UNITED STATES DISTRICT COURT SOUTHERN DISTRICT OF NEW YORK

AD LIGHTNING INC., Plaintiff, 19-CV-7367 (JPO) -v- OPINION AND ORDER CLEAN.IO, INC., Defendant.

J. PAUL OETKEN, District Judge: Ad Lightning Inc. brings suit against Clean.io, Inc. (“Clean”), arguing that Clean misappropriated its trade secrets under the Defend Trade Secrets Act, 18 U.S.C. § 1836 et seq., and Washington’s Uniform Trade Secrets Act, Revised Code of Washington § 19.108 et seq. Clean has moved to dismiss the complaint for failure to state a claim. For the reasons that follow, the motion is granted. I. Background The following facts, drawn from the complaint, are presumed true for the purpose of this motion. (See Dkt. No. 1 (“Compl.”).) Plaintiff Ad Lightning Inc. is a technology company that helps customers weed out suspicious advertisements on their websites. (Compl. at 1 ¶ 1.1) From August to November 2017, Ad Lightning participated in an accelerator program run by the advertising agency R/GA. (Compl. at 4 ¶¶ 7, 8.) The accelerator program was funded by Oath, Inc., now Verizon Media, which was separately testing Ad Lightning’s technology as a prospective client. (Compl. at 4 ¶¶ 9, 10.)

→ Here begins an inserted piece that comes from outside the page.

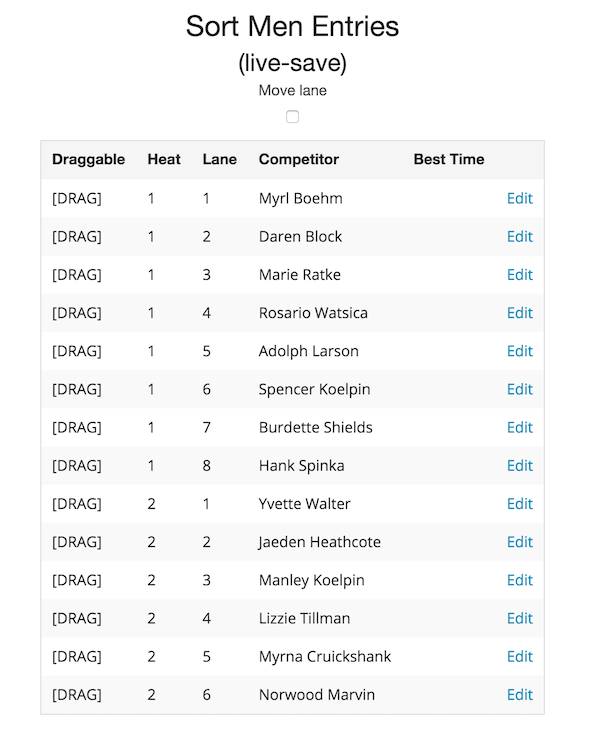 - Have the system pre-assign competitors to heats/lanes based on their entered best times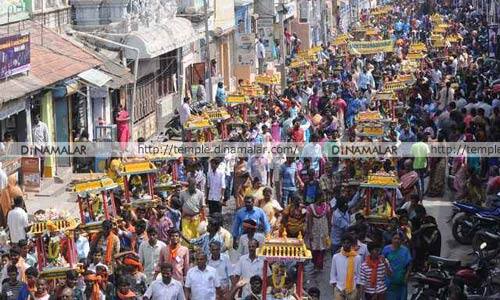 திருவண்ணாமலை: திருவண்ணாமலை அருணாசலேஸ்வரர் கோவில் தீப திருவிழாவில், நேற்று, 63 நாயன்மார்கள் வீதி உலா வந்து பக்தர்களுக்கு அருள்பாலித்தனர். திருவண்ணாமலை அருணாசலேஸ்வரர் கோவில் கார்த்திகை தீப திருவிழா, கடந்த, 3ல் கொடியேற்றத்துடன் துவங்கி நடந்து வருகிறது. இதில் நேற்று, சிவபெருமானை நினைத்து மனமுருகி, ஐந்து எழுத்து மந்திரத்தை ஓதி வழிபட்ட, 63 நாயன்மார்களுக்கு சிறப்பு அபி?ஷகம் மற்றும் சிறப்பு பூஜை நடந்தது. தொடர்ந்து வண்ண மலர்களால் அலங்கரிக்கப்பட்ட, 63 நாயன்மார்களை, பள்ளி மாணவர்கள் பலலக்கில் தூக்கிச் சென்றனர். மாட வீதியில் வலம் வந்தனர். இதில், ஆயிரக்கணக்கான பக்தர்கள், சிவனடியார்கள், சாதுக்கள் பங்கேற்றனர்.

1 The paragraph numbers in the complaint restart after certain section breaks, so for clarity the Court will cite references to the complaint by both page and paragraph number. On October 19, 2017, Oath emailed Ad Lightning to terminate their ongoing licensing negotiations. (Compl. at 5 ¶ 15.) In the email, Oath claimed that it already had access to two Yahoo! products that performed similar functions. (Compl. at 5 ¶ 16.). Oath is a subsidiary of Verizon Communications, which had acquired Yahoo! earlier that year. (Id.)

Eight days later, Defendant Clean was formed. (Compl. at 5 ¶ 18.) Like Ad Lightning, Clean helps protect businesses from malicious online advertisements. (Compl. at 5 ¶ 19.) Clean’s current CEO, Matt Gillis, was previously Oath’s senior vice president of publisher platforms, and two of the company’s other executives also worked for Oath “up to the summer of 2017.” (Compl. at 5 ¶¶ 20, 21.) In 2019, Ad Lightning filed this action against Clean, alleging that the company misappropriated Ad Lightning’s trade secrets and proprietary information to start its business. (Compl. at 6-7 ¶¶ 27-39.) Ad Lightning seeks damages and injunctive relief to stop Clean from using its trade secrets, as well as fees and costs. (Compl. at 8 ¶¶ 3-6.) Clean has filed a motion to dismiss for failure to state a claim under Federal Rule of Civil Procedure 12(b)(6). (Dkt. No.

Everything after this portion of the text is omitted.